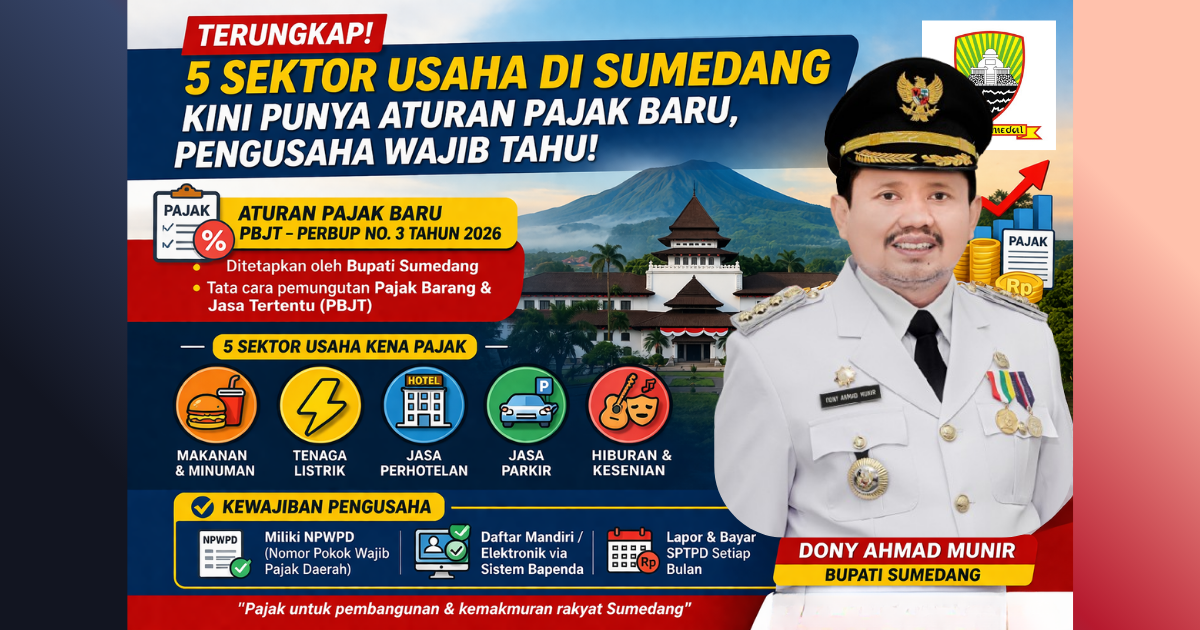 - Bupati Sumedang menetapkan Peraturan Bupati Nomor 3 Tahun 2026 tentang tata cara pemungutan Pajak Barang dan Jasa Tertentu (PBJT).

...

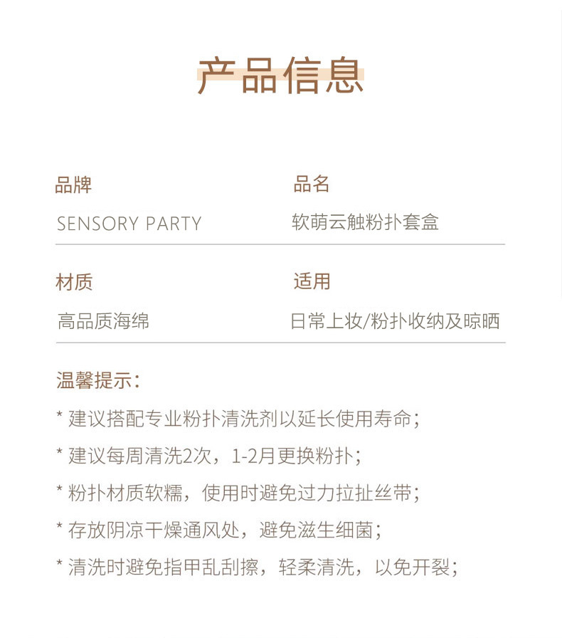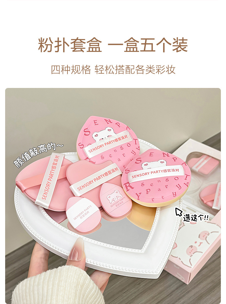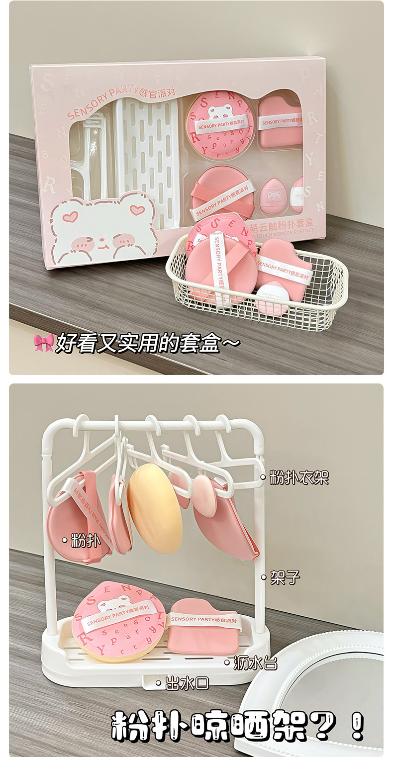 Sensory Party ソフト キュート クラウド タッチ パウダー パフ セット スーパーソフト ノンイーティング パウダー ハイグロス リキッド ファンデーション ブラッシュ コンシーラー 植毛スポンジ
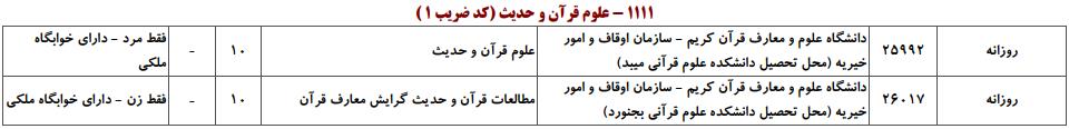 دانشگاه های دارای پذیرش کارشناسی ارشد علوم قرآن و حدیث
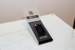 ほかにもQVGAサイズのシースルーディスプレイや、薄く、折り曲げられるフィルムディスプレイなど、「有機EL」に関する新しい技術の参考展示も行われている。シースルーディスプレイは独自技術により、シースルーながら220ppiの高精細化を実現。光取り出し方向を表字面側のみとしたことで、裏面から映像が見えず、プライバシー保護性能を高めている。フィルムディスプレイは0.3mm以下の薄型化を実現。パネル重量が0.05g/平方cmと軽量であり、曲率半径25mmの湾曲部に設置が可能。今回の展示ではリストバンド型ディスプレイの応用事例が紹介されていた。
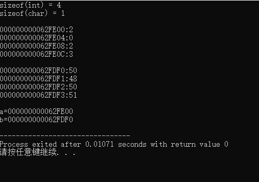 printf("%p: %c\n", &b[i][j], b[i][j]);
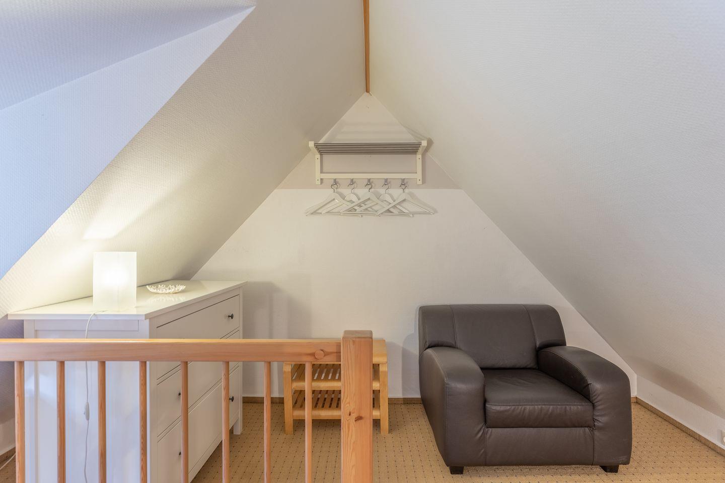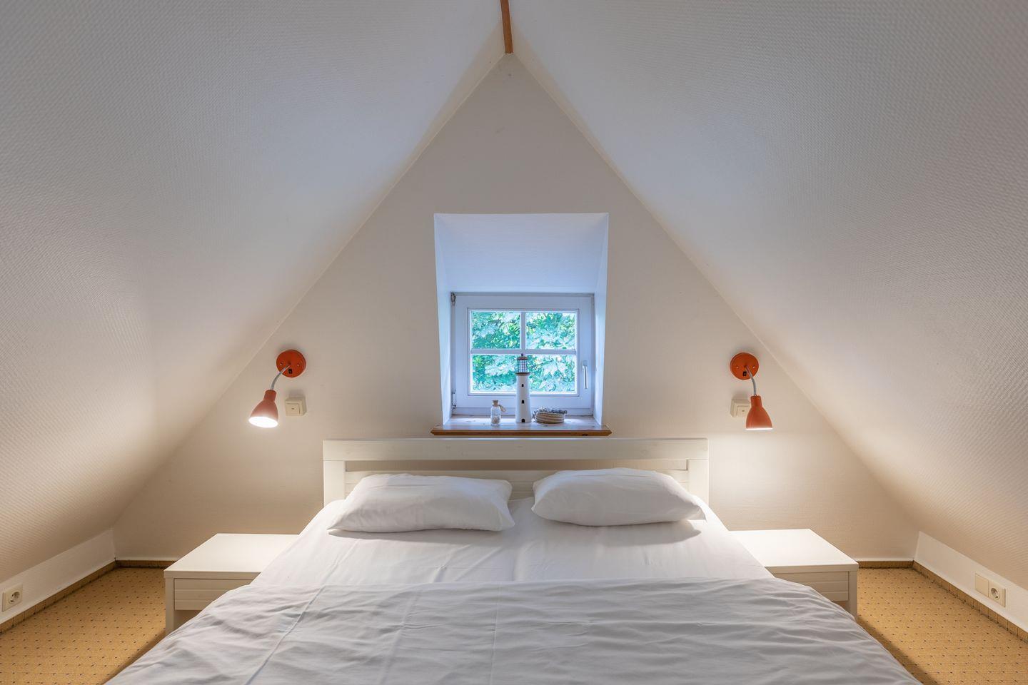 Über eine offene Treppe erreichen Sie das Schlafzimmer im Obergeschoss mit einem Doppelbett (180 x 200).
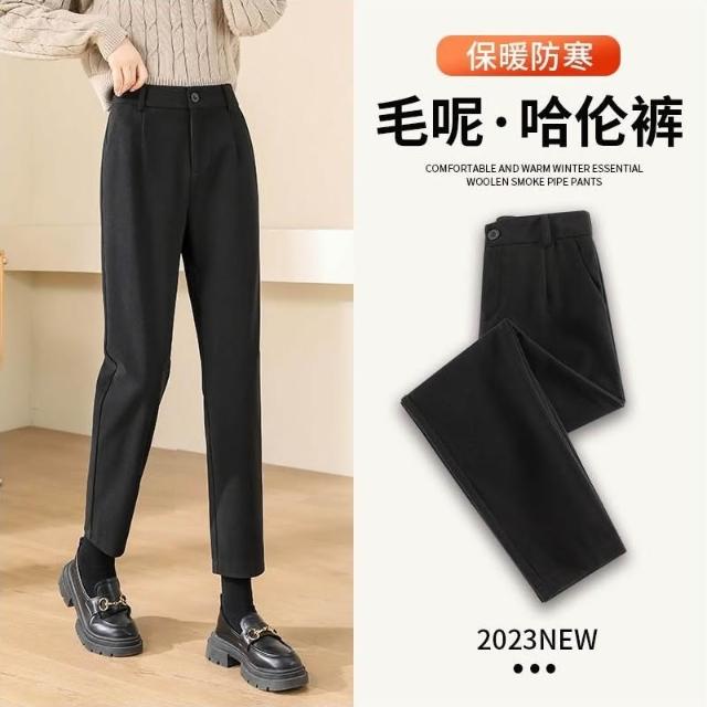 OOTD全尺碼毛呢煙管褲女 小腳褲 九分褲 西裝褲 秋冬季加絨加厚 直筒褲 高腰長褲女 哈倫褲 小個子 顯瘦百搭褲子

--

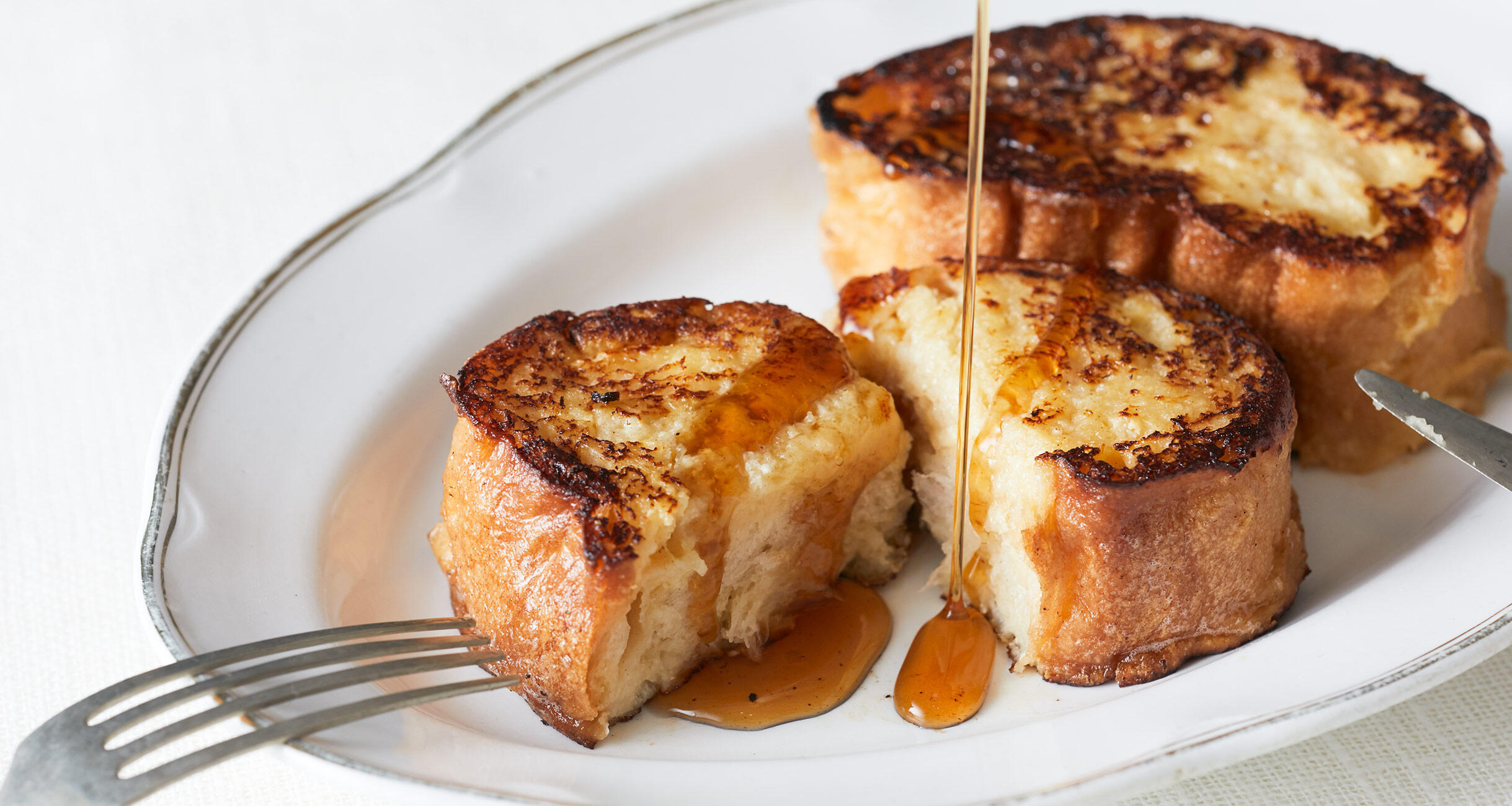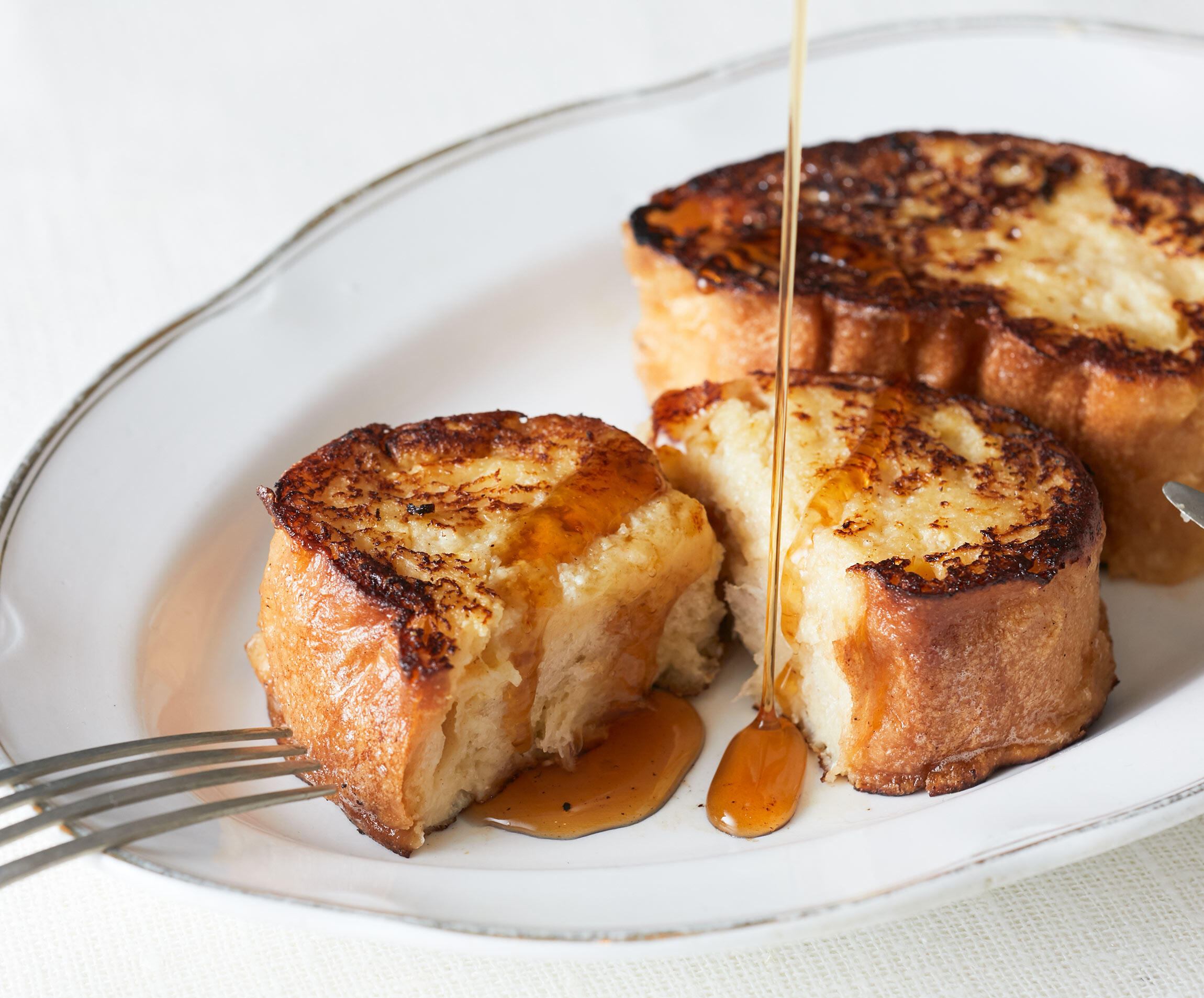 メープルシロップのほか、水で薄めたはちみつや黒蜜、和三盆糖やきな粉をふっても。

■ WORK TO COMPLETE
Range to copy from the records above: the line containing "Über eine offene" to the line containing "OOTD全尺碼毛呢煙管褲女 小腳褲 九分褲", both included. Output those lines exactly and only those, skipping pictures.

■ RESULT OF THIS TASK
 Über eine offene Treppe erreichen Sie das Schlafzimmer im Obergeschoss mit einem Doppelbett (180 x 200).
 OOTD全尺碼毛呢煙管褲女 小腳褲 九分褲 西裝褲 秋冬季加絨加厚 直筒褲 高腰長褲女 哈倫褲 小個子 顯瘦百搭褲子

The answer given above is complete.